STORED DATA:
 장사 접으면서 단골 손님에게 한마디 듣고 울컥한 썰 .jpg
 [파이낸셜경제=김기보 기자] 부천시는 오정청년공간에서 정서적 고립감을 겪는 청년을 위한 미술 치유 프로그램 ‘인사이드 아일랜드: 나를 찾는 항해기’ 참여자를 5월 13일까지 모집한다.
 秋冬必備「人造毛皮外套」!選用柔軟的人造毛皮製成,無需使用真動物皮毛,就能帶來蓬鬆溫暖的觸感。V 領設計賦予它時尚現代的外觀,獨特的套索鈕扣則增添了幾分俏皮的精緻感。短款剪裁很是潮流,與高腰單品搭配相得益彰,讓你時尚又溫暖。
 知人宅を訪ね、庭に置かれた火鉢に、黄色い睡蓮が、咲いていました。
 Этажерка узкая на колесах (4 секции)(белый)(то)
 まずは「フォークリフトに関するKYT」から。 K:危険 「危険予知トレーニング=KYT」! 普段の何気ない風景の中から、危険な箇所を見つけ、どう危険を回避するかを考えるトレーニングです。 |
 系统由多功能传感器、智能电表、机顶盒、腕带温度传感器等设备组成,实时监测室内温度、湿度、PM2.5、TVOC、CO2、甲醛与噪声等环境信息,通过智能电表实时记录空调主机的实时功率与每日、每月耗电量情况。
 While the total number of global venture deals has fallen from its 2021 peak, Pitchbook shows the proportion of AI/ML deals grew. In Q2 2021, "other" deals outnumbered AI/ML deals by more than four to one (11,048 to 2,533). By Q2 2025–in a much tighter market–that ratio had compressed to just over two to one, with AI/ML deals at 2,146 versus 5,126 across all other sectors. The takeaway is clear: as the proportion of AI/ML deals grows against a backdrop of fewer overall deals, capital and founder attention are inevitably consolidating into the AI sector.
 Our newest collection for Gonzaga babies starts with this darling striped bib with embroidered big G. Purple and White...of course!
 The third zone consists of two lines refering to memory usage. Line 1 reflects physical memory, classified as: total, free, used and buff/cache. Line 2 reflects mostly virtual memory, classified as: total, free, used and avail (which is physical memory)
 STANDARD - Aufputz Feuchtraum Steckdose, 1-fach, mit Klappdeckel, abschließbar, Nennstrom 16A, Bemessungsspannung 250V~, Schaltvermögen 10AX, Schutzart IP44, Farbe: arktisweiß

WHAT YOU ARE ASKED TO DO: Among the entries above, how many lines hold the string "total"? Answer with the number only.

SOLUTION TO THE EXERCISE: 2